Booking.com

Dünya Rezonansı artıyor



Dünya, kalp atışı olarak da adlandırılan bir rezonans'a sahip. 1954'den beri, ölçülen bu değer, Schumann Rezonansı olarak, "SR" simgesiyle anılıyor. Bulucusu ise Alman fizikçi Schuman'dır. Bu Rezonans veya Frekans, Dünya yüzeyi ile, 55km'lik atmosfer sonrası iyonosfer arası bölgede ölçülmektedir.
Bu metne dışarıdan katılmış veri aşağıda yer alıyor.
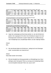 Drucksache 17/2439 Schleswig-Holsteinischer Landtag - 17. Wahlperiode Geburten in Schleswig-Holstein nach dem Alter der Mutter von unter 15 bis 18 Jahren, 2001 - 2010 Alter 2001 2002 2003 2004 2005 2006 2007 2008 2009 2010 unter 15 Jahren 6 1 5 10 1 11 3 7 9 2 15- 18 Jahren 217 238 247 246 224 216 203 220 188 192 insgesamt 223 239 252 256 225 227 206 227 197 194 Hinweis: Die Geburten setzen sich zusammen aus der Anzahl der Lebend- und Totgeborenen. Schwangerschaftsabbrüche in Schleswig-Holstein (Land des Wohnsitzes der Frauen) nach dem Alter der Mutter von unter 15 bis 18 Jahren, 2001 - 2010 Alter 2001 2002 2003 2004 2005 2006 2007 2008 2009 2010 unter 15 Jahren 25 21 28 16 30 24 25 26 26 22 15- 18 Jahren 215 229 250 269 227 243 228 217 187 172 insgesamt 240 250 278 285 257 267 253 243 213 194 Schwangerschaften von Minderjährigen in Schleswig-Holstein nach dem Alter der Mutter von unter 15 bis 18 Jahren, 2001 - 2010 Alter 2001 2002 2003 2004 2005 2006 2007 2008 2009 2010 unter 15 Jahren 31 22 33 26 31 35 28 33 35 24 15- 18 Jahren 432 467 497 515 451 459 431 437 375 364 insgesamt 463 489 530 541 482 494 459 470 410 388 2.) Liegen der Landesregierung Erkenntnisse darüber vor, wie viele Schülerinnen jeweils in den vergangenen fünf Jahren ihren Schulbesuch aufgrund von einer Schwangerschaft unterbrechen mussten? Dabei bitte ich um Differenzierung nach minderjährigen bzw. schulpflichtigen Müttern und über 18jährigen Müttern. Antwort: Nein. 3.) Wie viele Monate blieben die Schülerinnen - bedingt durch eine Schwanger- schaft - durchschnittlich vom Unterricht fern? Antwort: Diese Daten werden nicht erhoben. 4.) Wird die Schulpflicht bei Schwangerschaften von Minderjährigen bzw. Schul- pflichtigen außer Kraft gesetzt? Wenn ja, wie lange sind minderjährige Mütter von der Schulpflicht entbunden? Wenn nein, warum nicht? 2
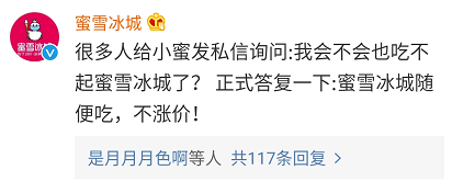 官博不仅在热搜评论下机智地表示蜜雪冰城不涨价。
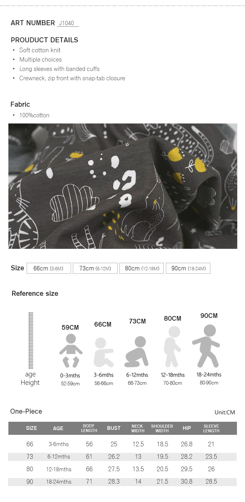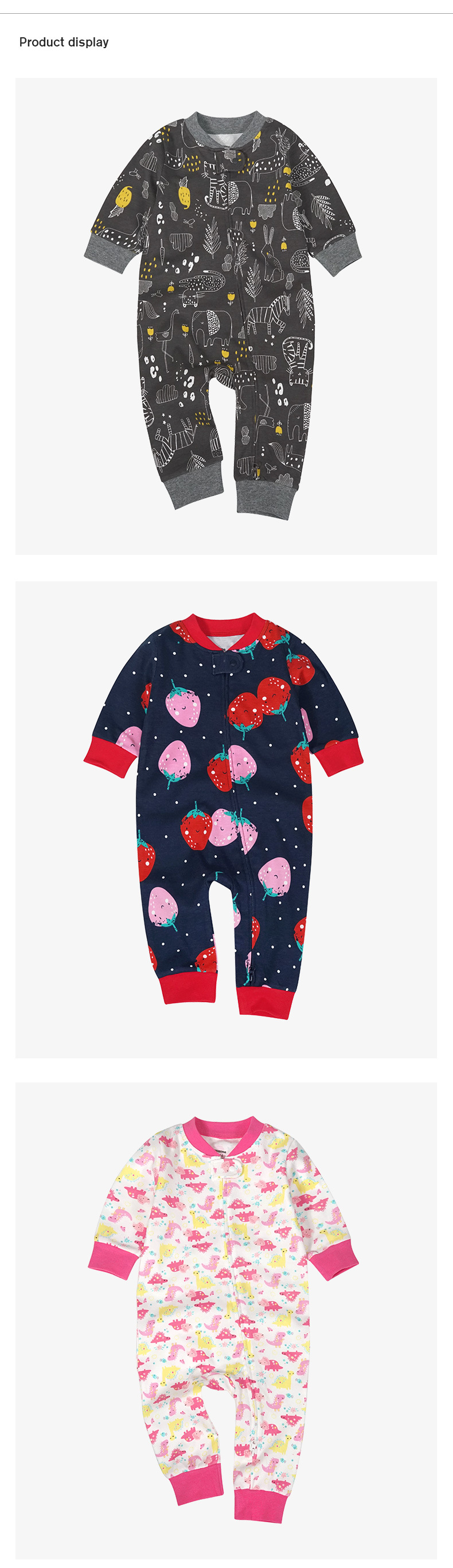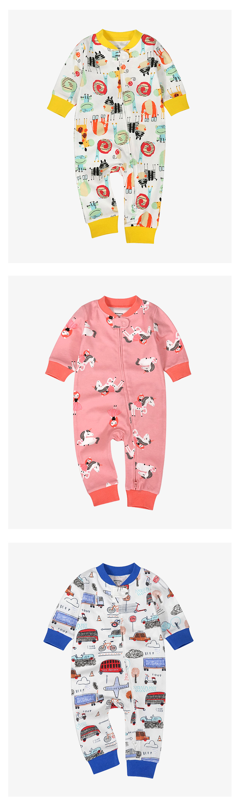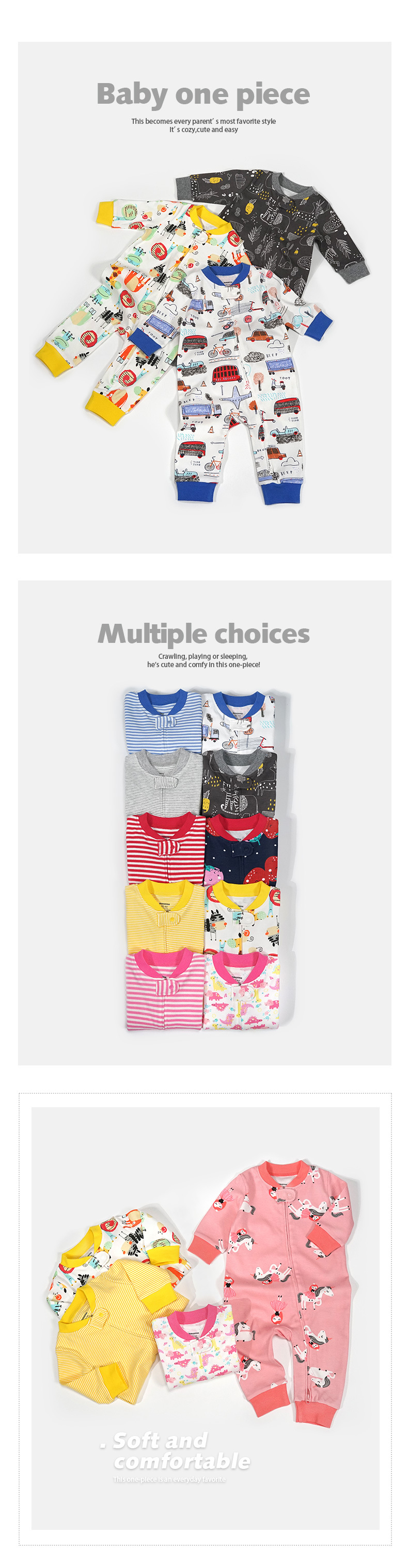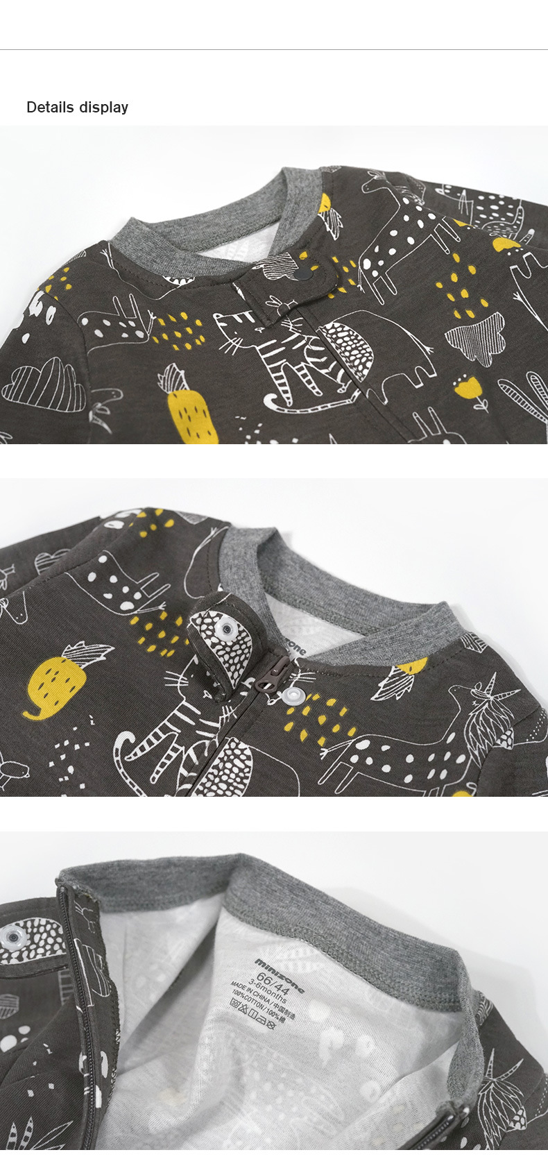 Minizone 아기 점프 슈트 봄, 가을 신생아 긴팔 지퍼 하의 남성과 여성의 아기 순수 코튼 크롤링 슈트 잠옷스토어 가기
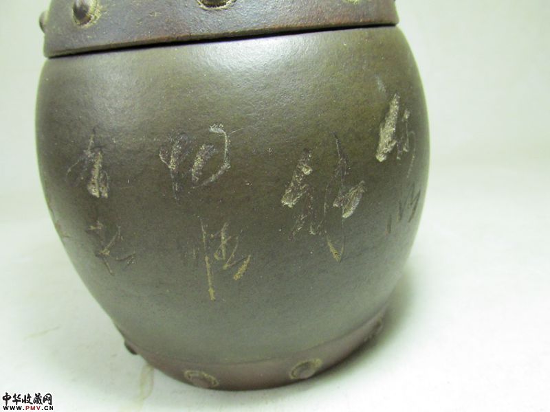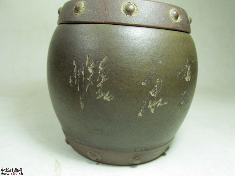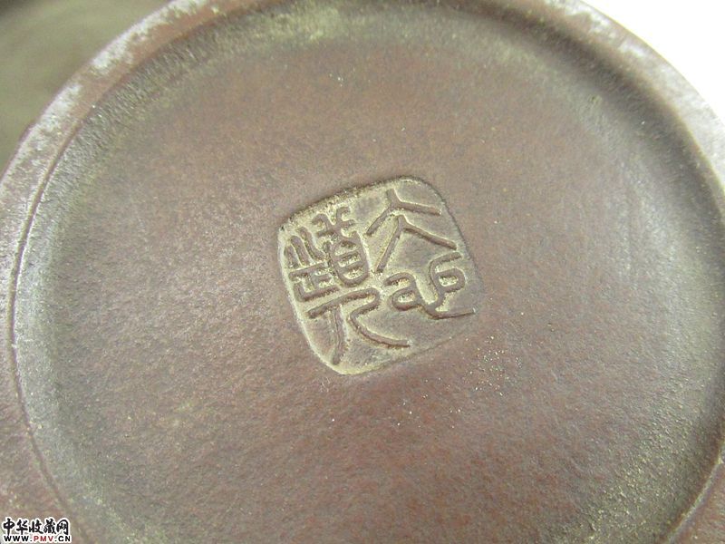 品相:全品相。雕刻诗文兼备,底有“冰心道人”四字方款,是清末民初紫砂大师程寿珍之用印,故此器应是紫砂行内花货名师名人之作品。
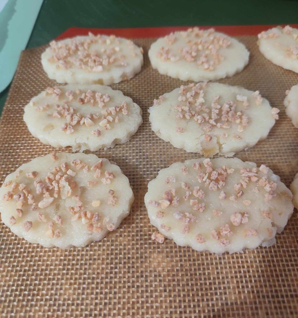 Bake the cookies at 340°F for 8-10 minutes, depending on the thickness and size, both in the traditional oven and in the air fryer.
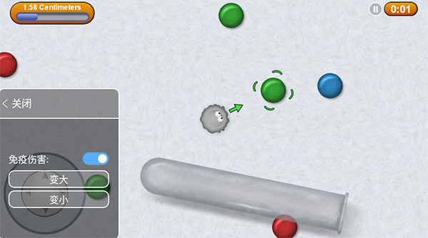 5、玩家需要注意的一点是,在游戏过程中,如果你被比你大的物体碰到的话,是会减小你的体积的。所以玩家在寻觅美食时,一定要注意避开这些庞然大物,以免让自己遭殃。
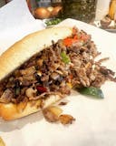 Premium cut of thinly sliced Ribeye, sautéed onion, sauteed red and green pepper, cremini mushroom, and American cheese.
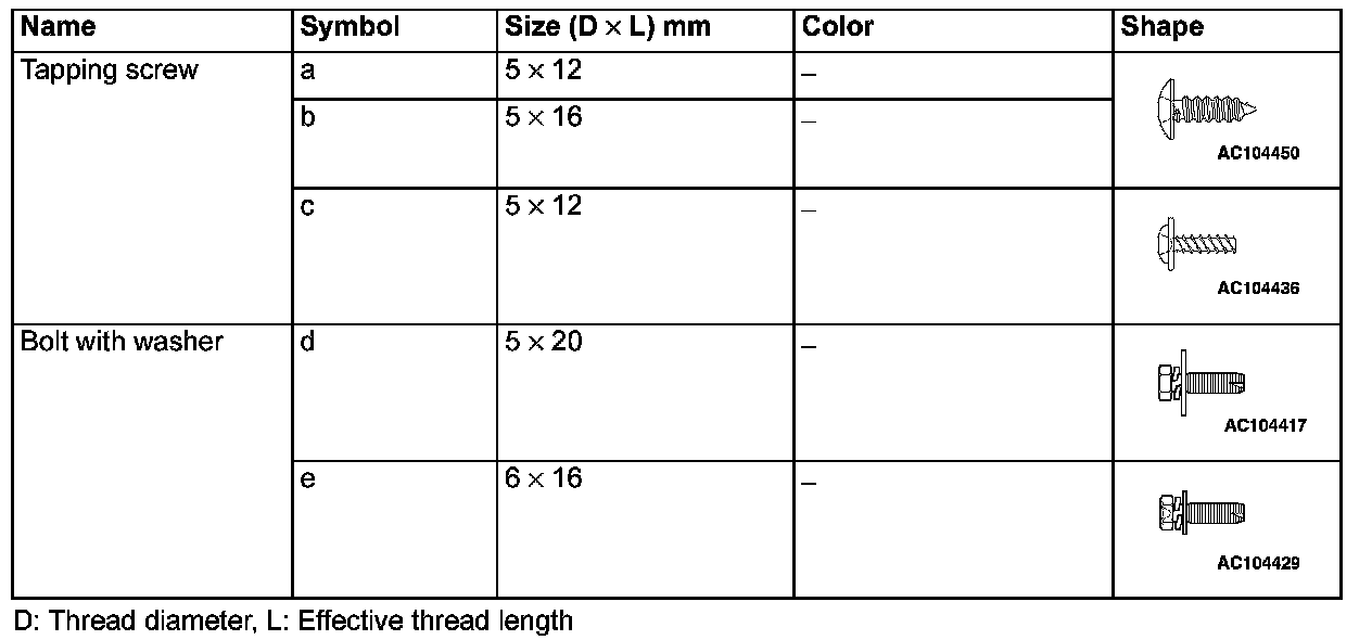 The following bolts and screws are used for installing the instrument panel. Bolts and screws are indicated as marks shown in the illustration in the sections of "Removal and Installation" and "Disassembly and Assembly".

Schuhmann rezonansı ve güneşin düzen dışı büyük patlamaları ile bağlantı kurulurken, kalp frekansı sürekli artmaktadır. Uzun yıllar rezonans değeri 7.4 Herz olarak ölçülürken, 1987'den beri bu değer sürekli arttı. 21 Aralık 2012'de bu değerin 21-Herz’e ulaştığı söyleniyor. Dünya rezonansı arttıkça, yaşanan zaman daha çabuk geçiyormuş gibi algılanıyor. Yani bugün yaşanan 24 saat, eskiden yaşanan 16 saatle eşit değerde. Hissedilen zaman akımı hızlandı ve daha da hızlanıyor.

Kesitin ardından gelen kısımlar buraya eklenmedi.